**ABOUT THIS EXERCISE:** Within the lines below, the span from the line with "噴水上に漂うアクアツリー" to the line with "रघुकुल ध्वज-4 Luxurious Lifestyle 3 BHK Homes", both ends included, is to be reproduced exactly, with pictures omitted.

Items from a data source
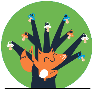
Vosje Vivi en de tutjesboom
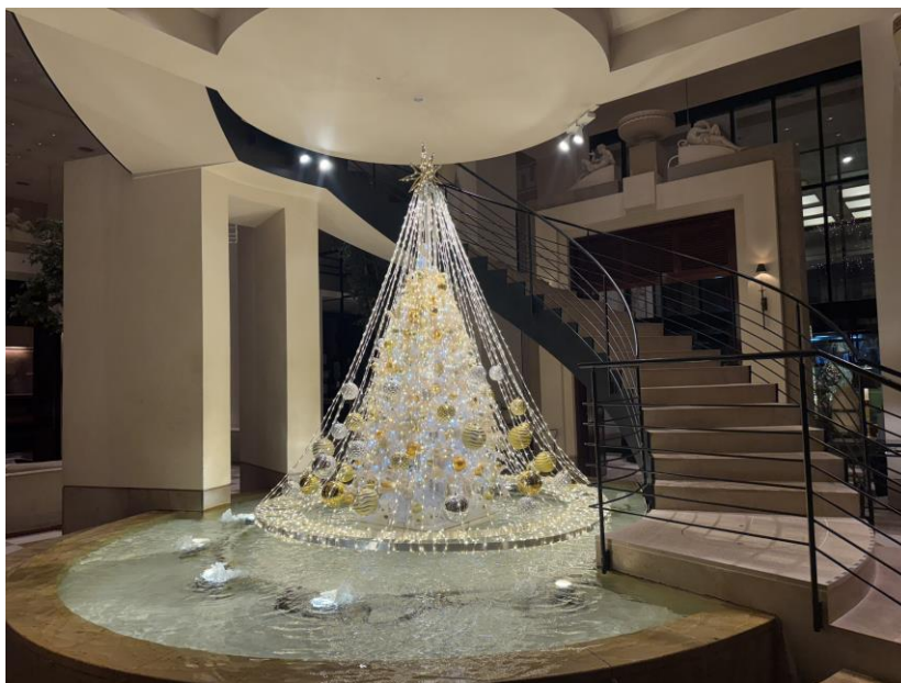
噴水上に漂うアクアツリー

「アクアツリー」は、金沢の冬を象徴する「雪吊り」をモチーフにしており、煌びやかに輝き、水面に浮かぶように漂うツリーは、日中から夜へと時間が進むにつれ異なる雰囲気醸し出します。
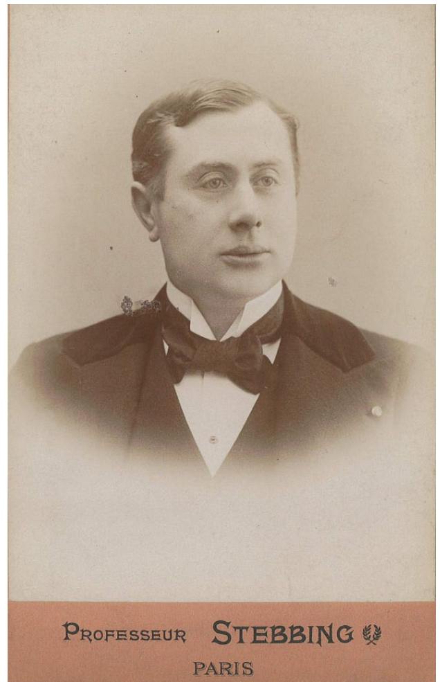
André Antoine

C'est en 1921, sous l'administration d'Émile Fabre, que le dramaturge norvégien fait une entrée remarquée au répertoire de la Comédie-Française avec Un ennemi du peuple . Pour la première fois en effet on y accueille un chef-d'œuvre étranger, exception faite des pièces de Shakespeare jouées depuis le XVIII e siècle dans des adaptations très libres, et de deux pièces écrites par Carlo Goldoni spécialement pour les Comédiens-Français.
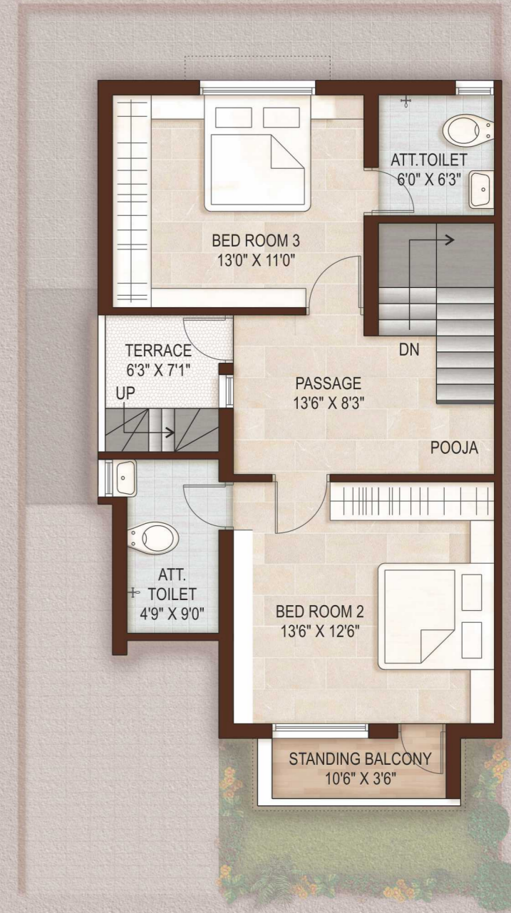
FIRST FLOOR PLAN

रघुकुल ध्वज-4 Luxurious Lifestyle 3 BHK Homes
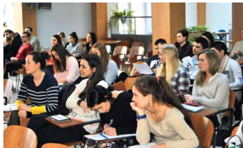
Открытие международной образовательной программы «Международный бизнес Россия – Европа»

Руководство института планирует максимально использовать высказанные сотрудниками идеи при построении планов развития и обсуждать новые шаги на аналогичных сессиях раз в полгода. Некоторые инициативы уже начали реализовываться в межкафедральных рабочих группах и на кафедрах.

**EXPECTED ANSWER:**
噴水上に漂うアクアツリー

「アクアツリー」は、金沢の冬を象徴する「雪吊り」をモチーフにしており、煌びやかに輝き、水面に浮かぶように漂うツリーは、日中から夜へと時間が進むにつれ異なる雰囲気醸し出します。
André Antoine

C'est en 1921, sous l'administration d'Émile Fabre, que le dramaturge norvégien fait une entrée remarquée au répertoire de la Comédie-Française avec Un ennemi du peuple . Pour la première fois en effet on y accueille un chef-d'œuvre étranger, exception faite des pièces de Shakespeare jouées depuis le XVIII e siècle dans des adaptations très libres, et de deux pièces écrites par Carlo Goldoni spécialement pour les Comédiens-Français.
FIRST FLOOR PLAN

रघुकुल ध्वज-4 Luxurious Lifestyle 3 BHK Homes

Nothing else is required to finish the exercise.